The computer I am using it with is not connected to the internet and has nothing on it except Reaper for a DAW and only whatever is necessary for Windows 10 to function. It is only used for Audio work. I don't know much about computers so I don't know what the hell is going on here. If anyone can help me, anything is much appreciated as I am looking to get this solved quickly. Just from right clicking in the My Computer area, I can tell you the following details:

Processor: Intel Core 2 Duo CPU E7500 @ 2.93Ghz
RAM: 4.00GB

If there's anything else I can do or further details you need please let me know, I can open the computer up and look inside and see what's what or take pictures or whatever I need.

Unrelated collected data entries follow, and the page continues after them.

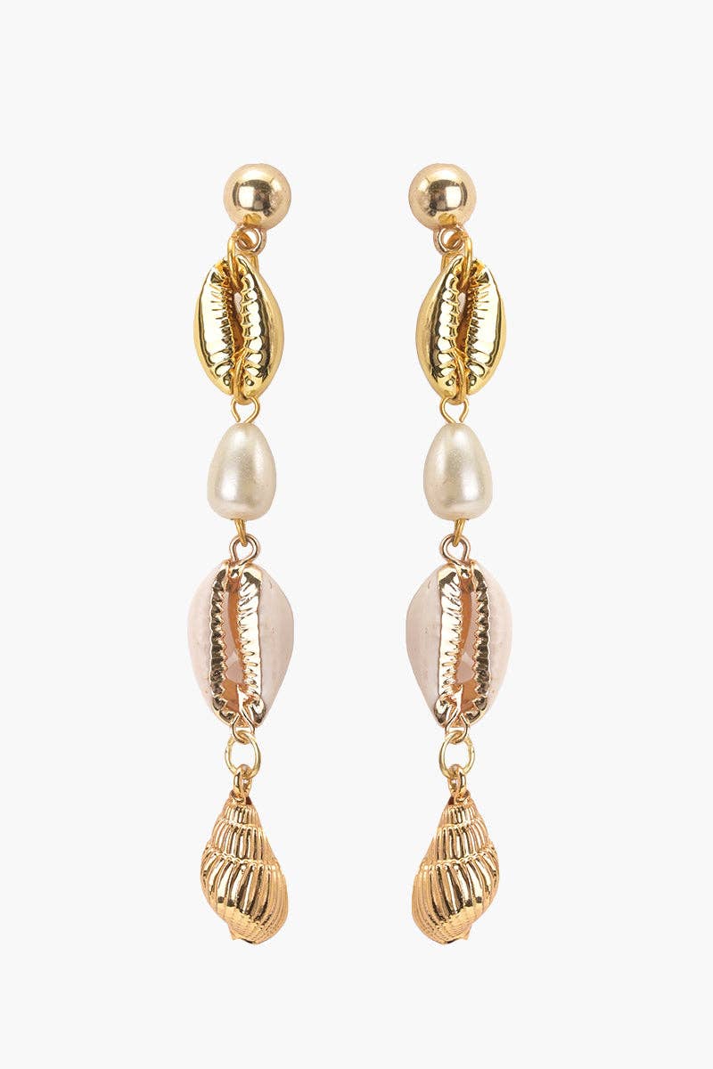 * Handmade beaded earrings featuring precious shells. * Accented with bead fringes, multiple shells, and semi-precious golden stones. * Finished with a secure jump ring and back pin attachment. * Handcrafted in aqua and natural tones. These aren’t just earrings—they’re a whole mood. Handmade with love, these precious shell stunners are rich in detail: from playful bead fringes to layered natural shells, finished with a semi-precious golden stone for a touch of luxe. Secured with a sturdy jump ring and back pin, they’re handcrafted in dreamy aqua and natural tones—radiating tropical goddess energy without the humidity. Light enough for all-day wear, bold enough to turn every head.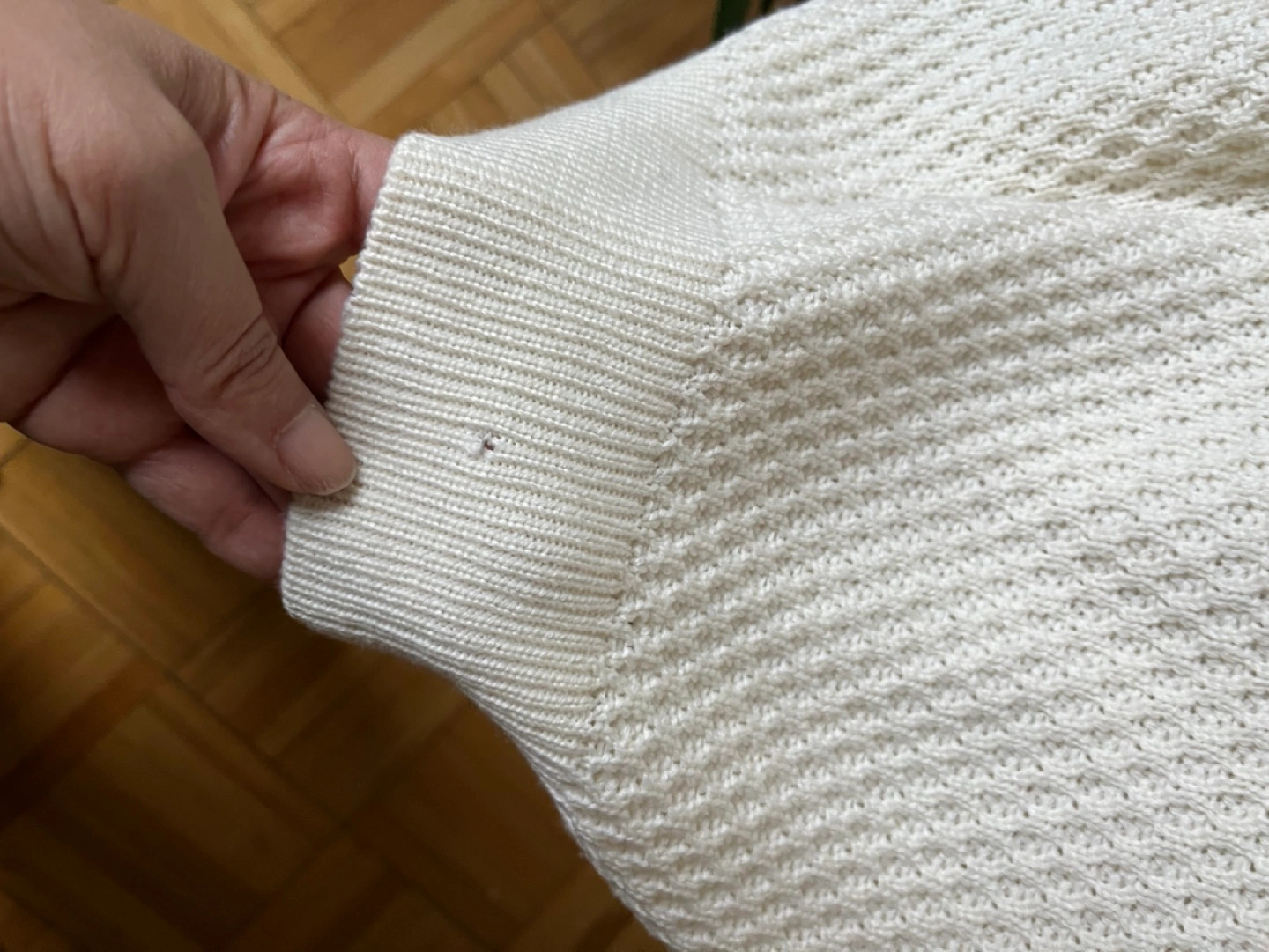 Has minor flaws (see pic) small hole near bottom, and two faint marks on sleeves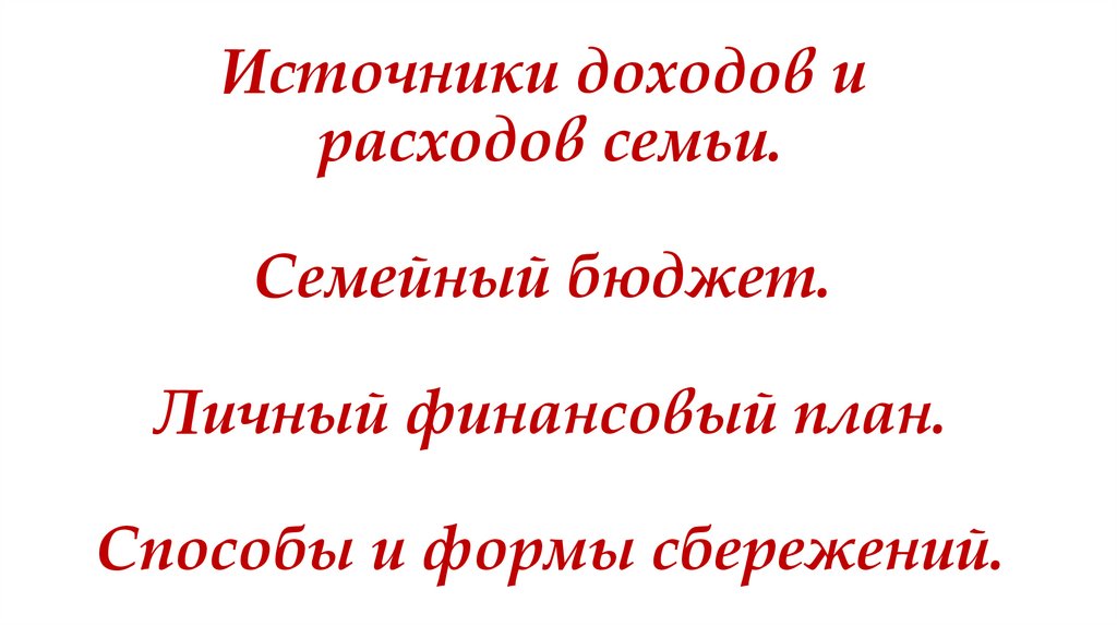 Источники доходов и расходов семьи. Семейный бюджет. Личный финансовый план. Способы и формы сбережений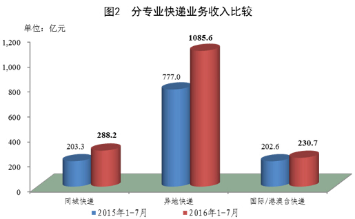 1-7月份,全國快遞服務企業業務量累計完成157.5億件,同比增長55.9%;業務收入累計完成2026億元,同比增長42.9%。其中,同城業務收入累計完成288.2億元,同比增長41.8%;異地業務收入累計完成1085.6億元,同比增長39.7%;國際/港澳臺業務收入累計完成230.7億元,同比增長13.8%。
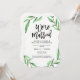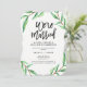 Esses convites de cerimônia pós-casamento em estilo moderno e minimalista apresentam um fundo branco limpo com folhas de aquarela verde e tipografia preta.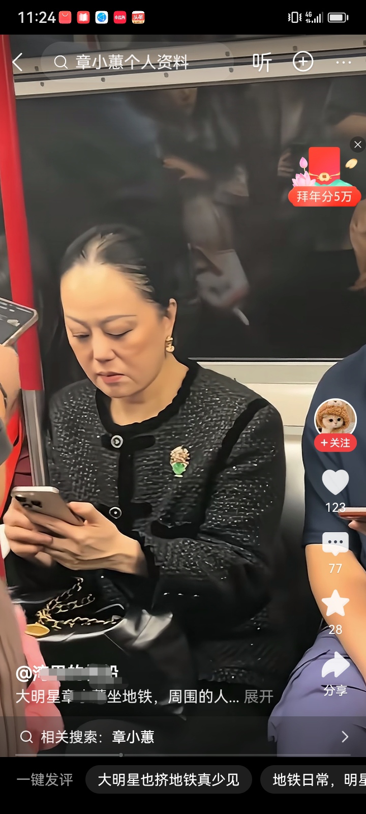 近日春节期间,有一张疑似章小蕙小姐坐地铁的视频在网络上流传,有一些网友不认可这是章小蕙,有一些网友肯定是章小蕙,网上展开了大讨论。

Thanks for any advice
 
The critical thing appears to be the motherboard. What is it? In most cases,myouncould simply send the motherboard details to the card supplier and say will it Work?

My own limited experience is that reviews for things like plug in boards is that they are go or no go products. They do very little, and have very few user 'facilities' so success rarely depends on how good they are, but a series of random events unique to your system. Why not just buy it, and return it if it doesn't work? Assuming your location allows that as a consumer right? If you ask, and they say yes, it could still not work. The only accurate response would be a no. I'd also suggest a bit more ram would be very useful for processing audio on a PC. All you will lose is a bit of time. Windows 10 will annoy you if you run music and audio work on it, as most of the software really needs connection. So many of my plugins continually get updated. Small and frequent updates rather than the old fashioned big ones. Cubase, for example, tells you each start if there are extra facilities available, and while you sill need to take care, the Internet connection now provides me with new stuff all the time. The occasional intent connection won't pick up on all the advantages. A couple of my everyday sample packages constantly add new free sounds, or tell me about new sounds I can download. I'd miss this greatly.

If I'm in doubt nowadays, I just buy online with a credit card, and return things that don't work. Frankly, getting absolutes from the manufacturers is pretty much impossible.
 
Thunderbolt needs to be supported by the motherboard, and non-Mac motherboards rarely support it. There have been a few, but most motherboard manufacturers seem to have left Thunderbolt in the dust and concentrated on USB 3.0 and 3.1 instead.

All of the add-in cards I can find all require a Thunderbolt header on the motherboard, so I get the impression that you're out of luck unless you either upgrade your motherboard (which may require additional replacement of CPU and RAM because Core 2 Duo is old and good luck finding a mobo to support it anymore) or move to an interface whose connectivity is natively supported in the PC world (most likely USB 2.0 on an older machine like yours).